Hong Kong's second recession in four years looms, and many of the young finance professionals whose cash once filled the bars' coffers confront the specter of unemployment.
"It used to be quite difficult to make one's way through the tables to the Le Jardin bar upstairs," said a waiter at Good Luck Thai, a Thai eatery.
"But these days there are less customers and most are here for the sole purpose of eating and not for the casual drinks and supper anymore."
Joblessness in Hong Kong has surged to its highest level in 17 months as the already sputtering economy slows further. Its food and beverage industry now expects about 1,000 restaurants to close this year.
The thinning ranks of bankers have hit Lan Kwai Fong.
More than a thousand bankers, many of them expatriates, are estimated to have lost their jobs since the beginning of the year. Most have already packed their bags and left.
Firms that have sacked staff include Credit Suisse First Boston, Dresdner Kleinwort Wasserstein and Merrill Lynch.
Banks wielding the axe after the Sept. 11 attacks on the US include Nomura International Securities, ABN AMRO and the Bank of China.
That has cast gloom over the clutch of glitzy bars and fancy restaurants in Lan Kwai Fong, a patch of narrow streets nestled above the central banking district usually packed with people from Hong Kong's 148 licensed banks, 106 of which are foreign.
Dubbed "matchmakers' lane" in the 1950s, Lan Kwai Fong is still a popular place to meet strangers.
But just a handful now linger where music blasted from bars and scores of revellers once packed streets through the week.
Bar and restaurant owners say business has slowed, with many lamenting a near 30 percent drop in revenues from a year ago.
"It's quieter these days, especially during weekdays. There are less tourists and bankers and they are not spending as much as they did before," said a waitress at trendy bar La Dolce Vita.
The Hong Kong Tourism Board says visitors to the territory fell 2.1 percent in September on the year, and the figure is expected to get worse.
"They are spending a little less and a little more wisely," said Richard Feldman, chairman of the Lan Kwai Fong Association, who owns four bars and restaurants in the area.
Music still throbs at popular hangouts like Al's Dinner, Insomnia and Club 97 but conversations no longer focus on the next multi-million dollar deal.
They're more likely to be about who's next in line for the chop.
In Wing Wah lane, where tables crammed in open-air cobbled walkways were packed with patrons keen on relatively inexpensive Thai and Malaysian delicacies, business has also suffered.

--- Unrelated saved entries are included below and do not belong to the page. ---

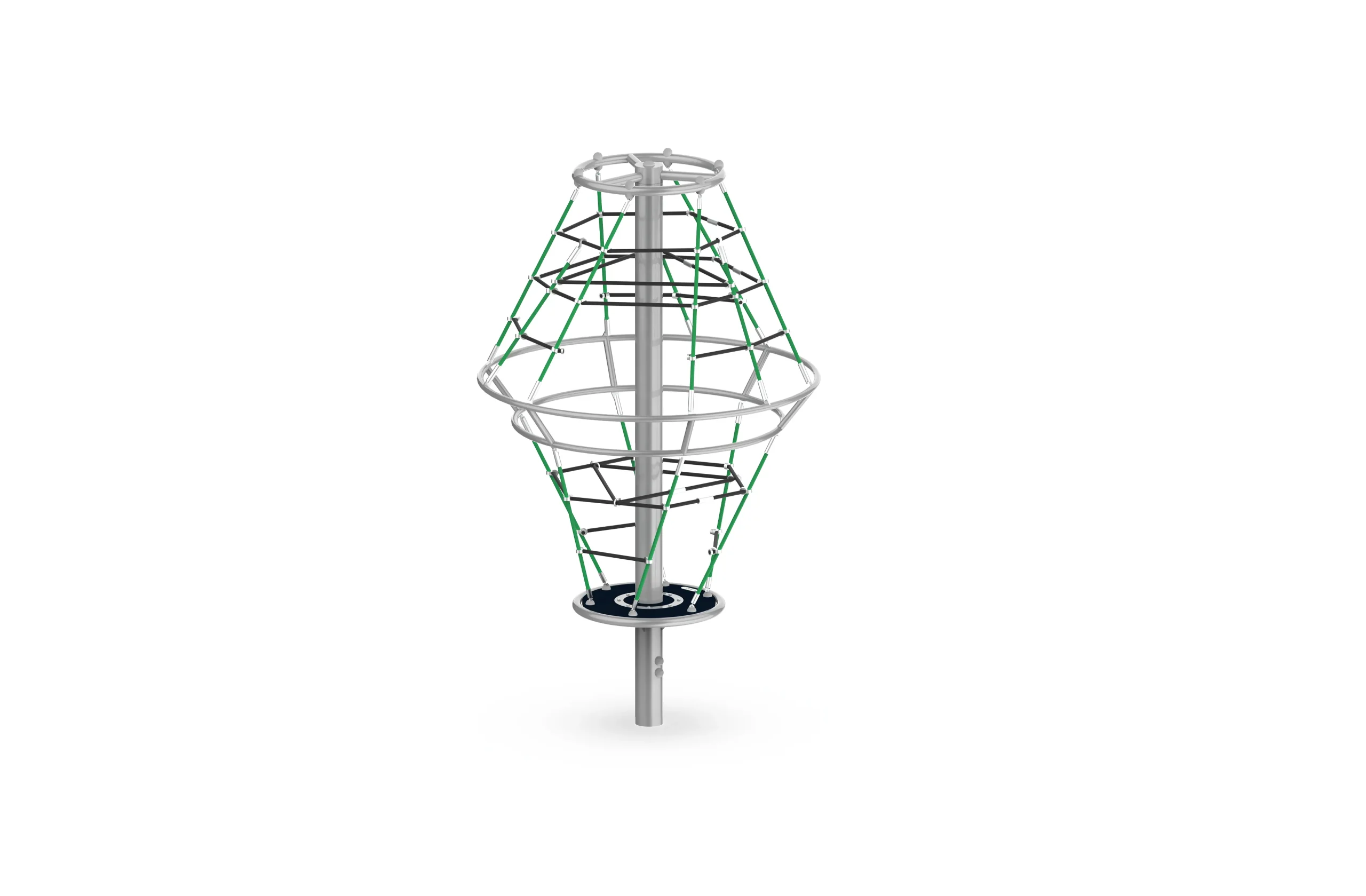 This multi-person tornado playground spinner features a “Space Cage Climber”-inspired core design. A silver-gray metal frame is paired with green and white ropes; the cage-shaped three-dimensional structure, combined with crisscross climbing poles, recreates a futuristic space exploration scenario, presenting an overall look like a rotatable 3D interactive cage. Multiple users can climb and grip both inside and outside the cage, while leveraging the spinner structure to achieve rotating interactions. It not only retains the collective fun inherent to spinners but also endows the experience with an adventurous, exploratory ambiance through its cage-style climbing elements. It is an interactive spinner installation that enables collaborative play for multiple people in community spaces.
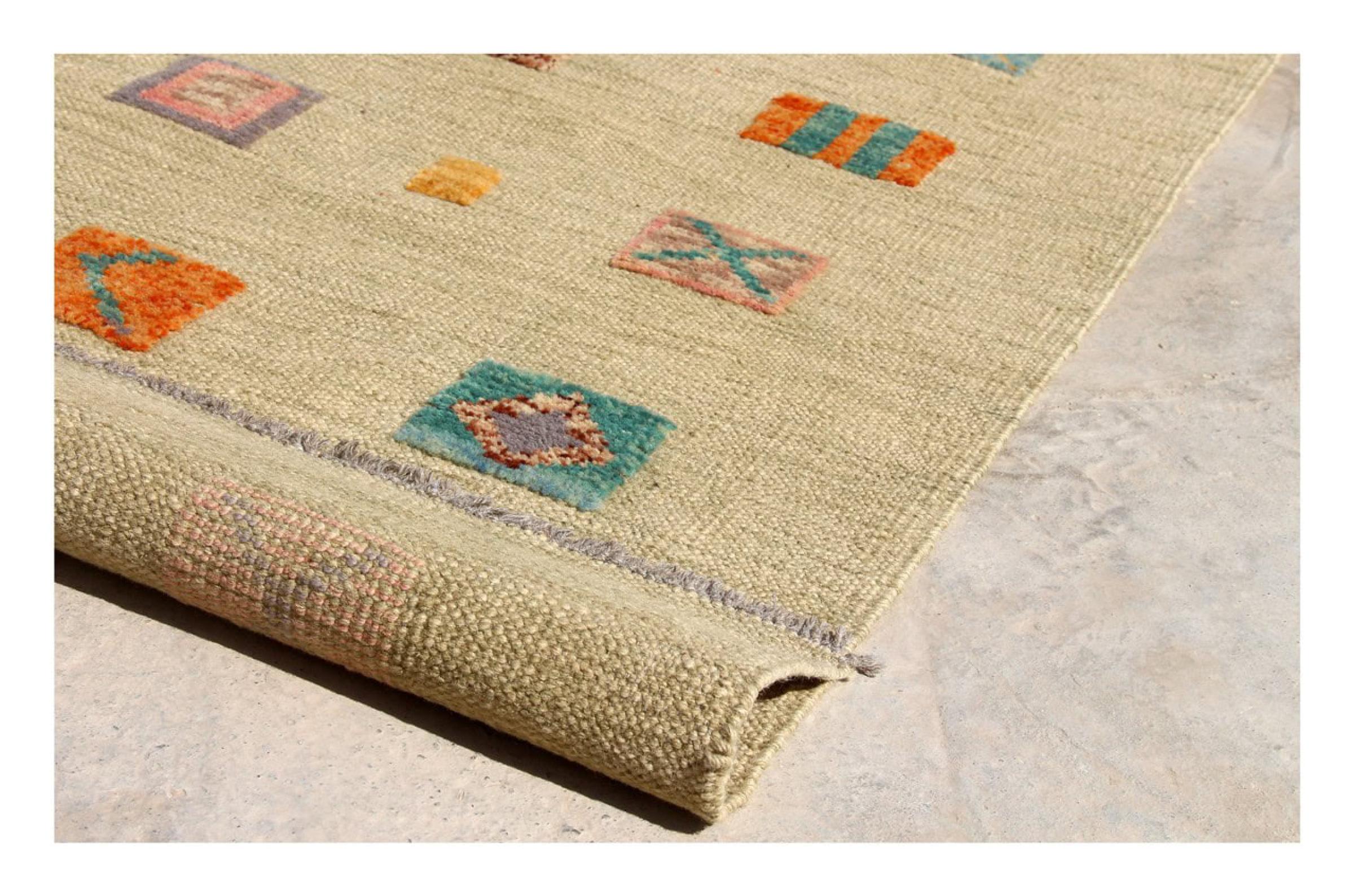 Estas alfombras kilim muestran una diferencia decisiva con las alfombras anudadas a mano - son tejidas a mano. Por lo tanto, no tienen un montón alto de lana y son a menudo más planos y más ásperos que las alfombras de lana anudada. Su fabricación es menos elaborada y por eso suelen ser mucho más baratas. Como ventaja, las alfombras de kilim son también mucho más ligeras y pueden ser colocadas por delante y por detrás. Los kilims tejidos a mano provienen originalmente de la antigua Persia y ahora también se fabrican a menudo en el Afganistán. Tienen patrones bastante simples y directos, que se deben a su técnica de tejido.
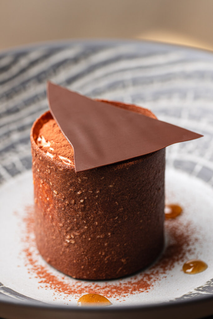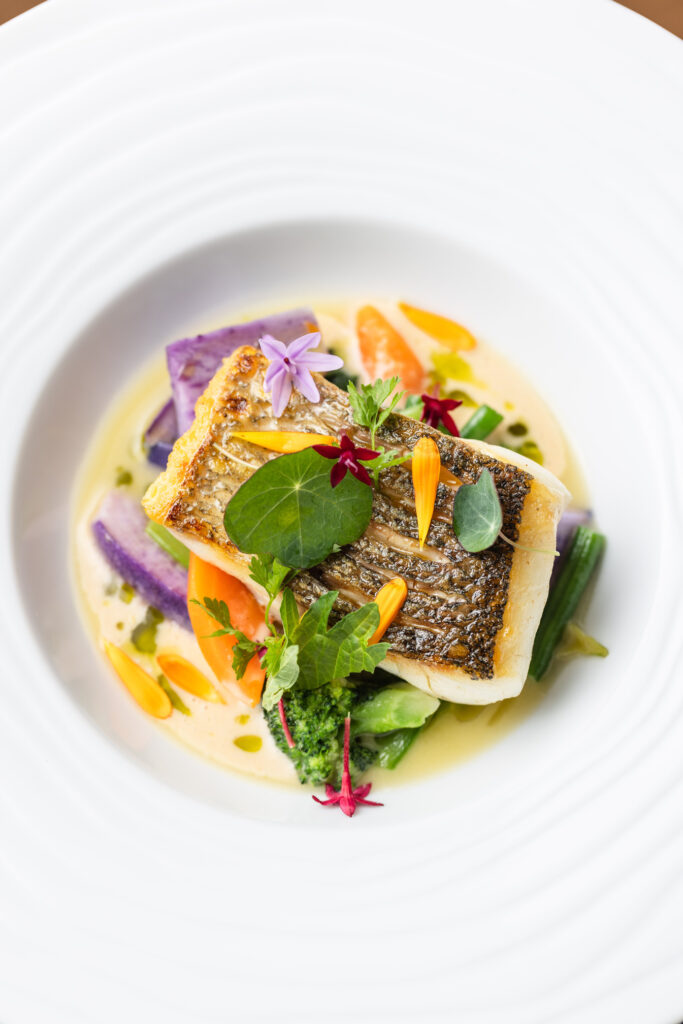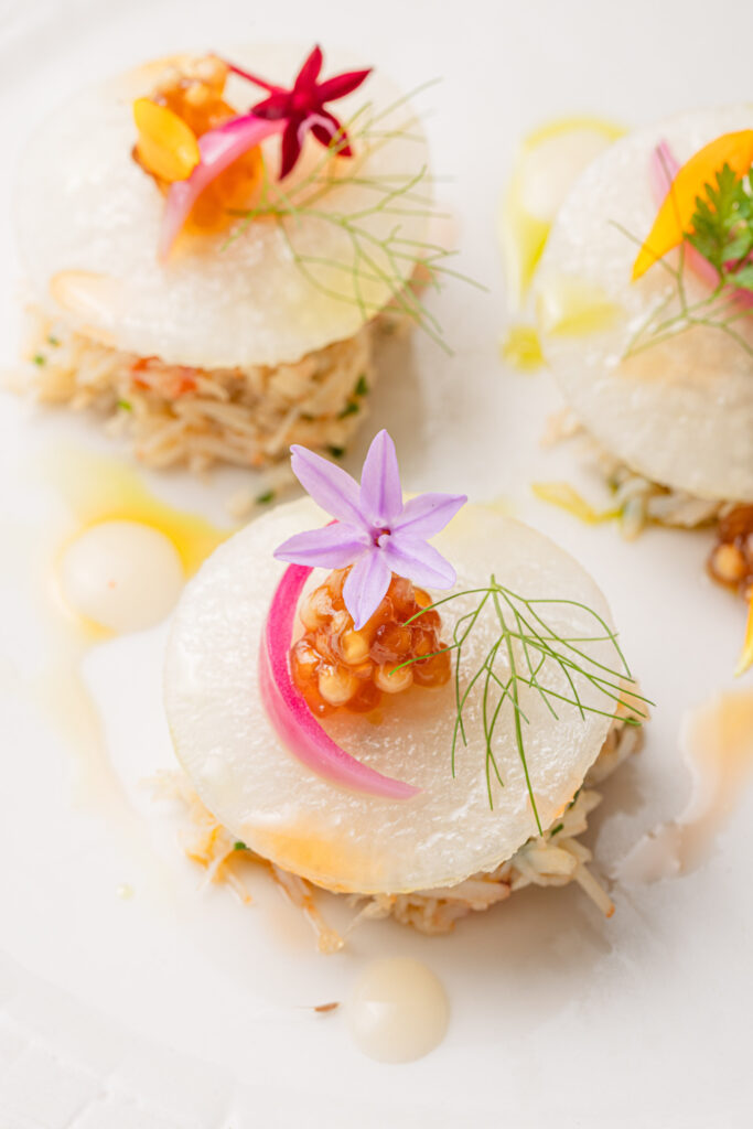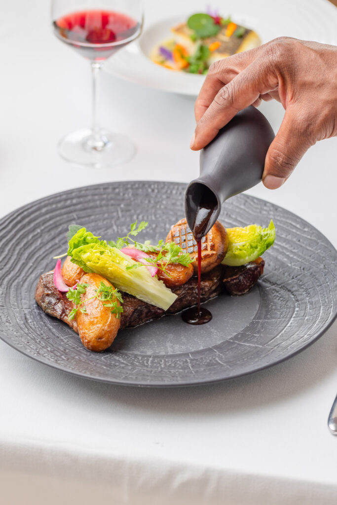 Dans le menu court en 5 temps, la langoustine juste saisie, christophines acidulées & combava, précède un turbot confit, laitue de mer, puis un agneau confit cuit basse température, jus réduit au tartare d’algues. Le grand parcours en 8 temps ajoute la chair d’araignée au ponzu tomate et une dégustation de fromages incluant quelques productions locales avant l’apothéose sucrée : citron, olive noire Kalamata & chocolat Nyangbo.
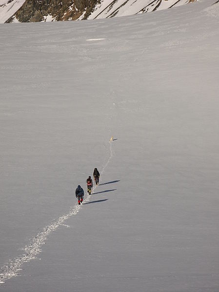 Случай первый, Центральный Кавказ, перевал, кажись, Бечо. Там здоровый ледник с большим количеством трещин. Тропа идёт в обход по краю ледника. А нам с чего-то приспичило сократить путь и пропереться по леднику. Благо он пологий и открытый был.
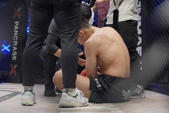 2R、先に組みに行ったのは松岡。シングルレッグからケージに押し込みアンクルピック。左で差す松岡の崩しに右小手の神谷は投げ。右手をマットに着いた松岡はヒジを脱臼か。UFCパントージャと似た形での負傷。神谷のTKO勝ちに。
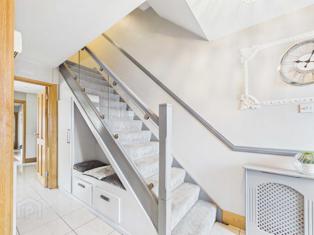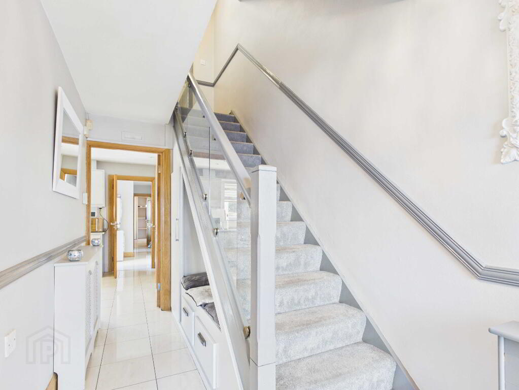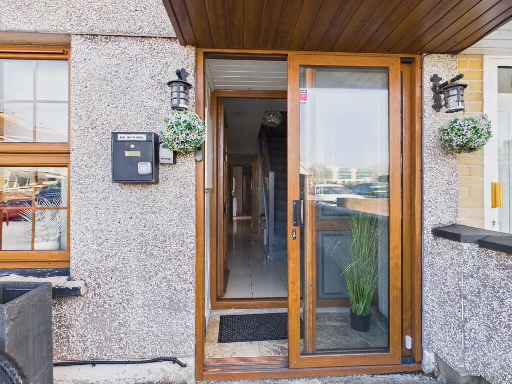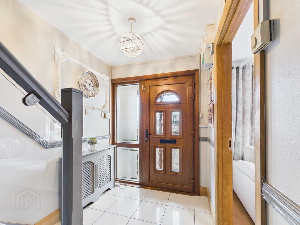 PVC entrance door with side glass panels. Letter box. 2 Radiators with covers. Dado rail.

Allan Zemen, who owns 22 of the 90 restaurants and clubs in the area, compared business conditions during the 1997 Asian financial crisis and the current downturn.
"During the previous crisis, things were different," said Zemen, who has been based in Hong Kong for the past 30 years. "Then, Asia was hit and Hong Kong was suffering mainly from a lack of Japanese tourists. Conditions in the US and Europe were all right then."
"In this crisis every country is affected, and the worst is we are not through with this crisis. It's pain on top of pain, especially for most property owners who have not yet recovered from the first crisis."
Still, Zemen, 52, whose business has weathered the Asian financial crisis and the dotcom collapse, is optimistic that he will survive.
"Even if there is a drop, it might just be 5 percent or so because people are definitely hurting," he said, referring to revenues. "And yet because it is a special place even if things are bad, people still do come out for a drink."
Only now they may be drowning their sorrows.